Let $a,b \in\Bbb N$, $a$ is not equal to $b$ and the quadratic equations $(a-1)x^2 -(a^2 + 2)x +a^2 +2a=0$ and $(b-1)x^2 -(b^2 + 2)x +b^2 +2b=0$ have a common root, then the value of $ab/5$ is
So what I did was,
I subtracted the two equations and got
$x=(a+b+2)/(a+b)$ I tried putting it in equation,it didn’t work,then i tried adding the equations and then put the value,still didn’t work.
I cant seem to figure out how to approach this problem.Can anybody help out?
On
Hint: $\;t=a,b$ are the two roots of the quadratic $\,(t-1)x^2-(t^2+2)x+t^2+2t=0\,$ for the value of $\,x\,$ which is the common root.
On
If you like using Vieta's formulas, here is the possible solution based on these formulas:
Assuming $x$ as a coefficient, you can observe that, $a$ and $b$ are root of the quadratic respect to the variable $u:$
$$u^2(1-x)+u(x^2+2)-(x^2+2x)=0, ~ x≠1$$
Then, using the Vieta's formulas, we have
$$\begin{align}&ab=\frac{x^2+2x}{x-1}\\ \implies &x^2+x(2-ab)+ab=0 \\ \implies &x_1x_2=ab\end{align}$$
Then, we also have a quadratic respect to the variable $x:$
$$(a-1)x^2 -(a^2 + 2)x +a^2 +2a=0, ~ a≠1$$
Since $a≠0$, applying Vieta's formulas again, we get
$$\begin{align}&\frac{a^2+2a}{a-1}=ab\\ \implies &b=\frac{a+2}{a-1}\\ \implies &b=1+\frac{3}{a-1}\\ \implies &a\in\left\{2,4\right\}\\ \implies &ab=8 \\ \implies &\frac{ab}{5}=\frac 85. \end{align}$$
Let $q_a(x)=(a-1)x^2-(a^2+2)x+a^2+2a$. Any root $r$ of $q_a(x)$ and of $q_b(x)$ is also a root of$$(b-1)q_a(x)-(a-1)q_b(x)=\left(-a^2b+a^2+a b^2+2 a-b^2-2b\right)(x-1).$$Therefore, $r=1$ or$$-a^2b+a^2+a b^2+2 a-b^2-2b=0.\tag1$$But you can't have $r=1$, because\begin{align}1\text{ is a root of }q_a(x)&\iff q_a(1)=0\\&\iff3a-3=0\\&\iff a=1.\end{align}So, if $1$ was a root of both $q_a(x)$ and $q_b(x)$, you would have $a=b=1$, but you are assuming that $a\ne b$.

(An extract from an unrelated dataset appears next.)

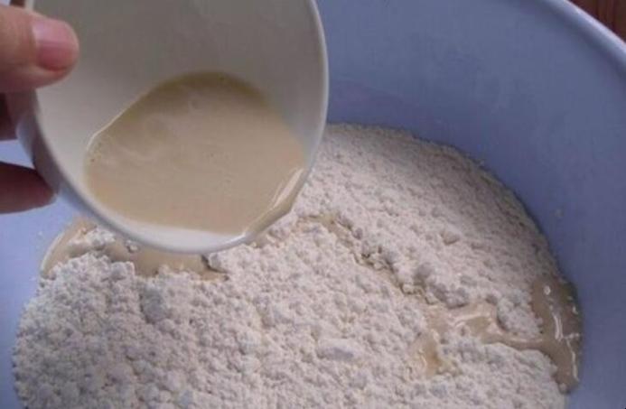 之后便把酵母粉水倒在面粉之中,注意一定要边倒边用筷子搅拌面粉,目的为了面粉与酵母粉充分的融合。

If, on the other hand, you have $(1)$, then $a=b$ or $a=\frac{b+2}{b-1}=1+\frac3{b-1}$. Since $a,b\in\Bbb N$, this can only occur in two case: when $b=2$ (in which case $a=4$) and when $b=4$ (in which case $a=2$). In both cases, you have $\frac{ab}5=\frac85$.